Desmond Bryant will undergo a procedure this week to correct the issue.
“You want players to be healthy, and we’re taking care of that step for him,” Horton said. “For us, I think we just keep going, and I believe that we won’t miss a beat. Is he a good player? Is he one of our better players? Yes, he is. But I also have trust and faith and belief that the guys behind him, who are really just starters in waiting, it’s their time now.”
Horton revealed that he wants Armonty Bryant, a seventh-round pick in this year’s draft, to receive 22-35 snaps per game moving forward.
“We’ve just got to step it up to be at that level that [Desmond Bryant] had on the field, just continue to produce,” said Armonty Bryant, who has played in eight games this season and has 12 tackles, including two sacks. “We’ve all got to bring something to the table.”
Desmond Bryant started all 12 games this season and has 45 tackles, including 3½ sacks. In March, the Browns signed him to a five-year, $34 million contract. The organization expects that he’ll be able to resume his career.
“It’s disappointing,” Chudzinski said. “He’s been playing at a high level for us, and certainly right now the most important thing is for him to get that taken care of and be ready to go. We’re expecting a full recovery.”
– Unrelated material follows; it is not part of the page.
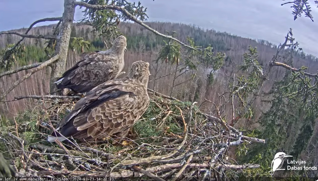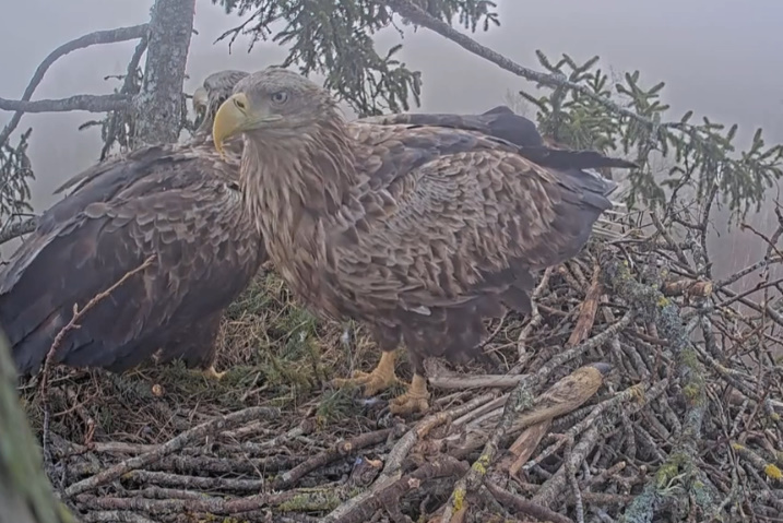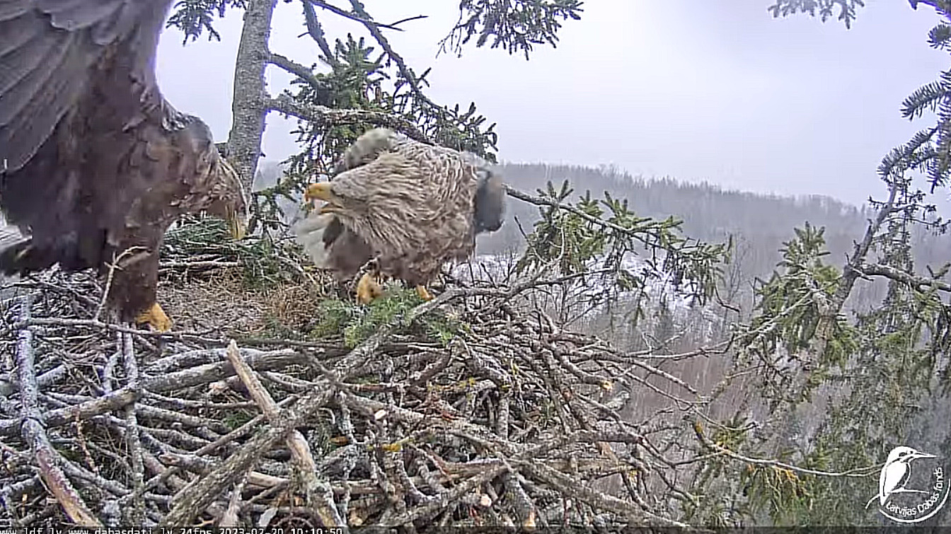 Milda i Voldis umacniają gniazdo. Wykopali taki dołek, że jak będą jaja, to chyba będziemy zgadywać ile

Winn declined to speak to reporters.
Horton expressed frustration in his men for allowing the Jaguars to orchestrate an 80-yard, game-winning touchdown drive and beat the Browns 32-28 on Sunday.
“For us to not seal the deal was very disappointing,” Horton said. … “That’s how you make a name, a reputation, in this league of big-time players making big-time plays in big-time games.
“I would hope most of our guys would want to be in that situation. I know I did. Those are the kind of drives, if you will, that cement or help build that legacy, that legend, that ability to be mentioned as a good, top defense.”
Patriots coach Bill Belichick worked with Browns General Manager Mike Lombardi in Cleveland from 1991-95. They are still good friends.
“Mike does a good job,” Belichick said. “He’s very smart, very well-prepared, very thorough, does a great job with evaluating players, putting together a team, just generally finding talent.”
Former Patriots quarterback Brian Hoyer is one of the players Lombardi brought to the Browns. Hoyer signed with the Browns in May and led them to back-to-back wins in September before suffering a torn anterior cruciate ligament in his right knee Oct. 3.
“Brian works hard, very well-prepared, got a good playing style,” Belichick said. “He’s a tough, competitive kid that’s smart and sees the field well. Wish him well. Hope things are going well with his recovery. Communicated with him and his family a couple times and hope his rehab is going smoothly.”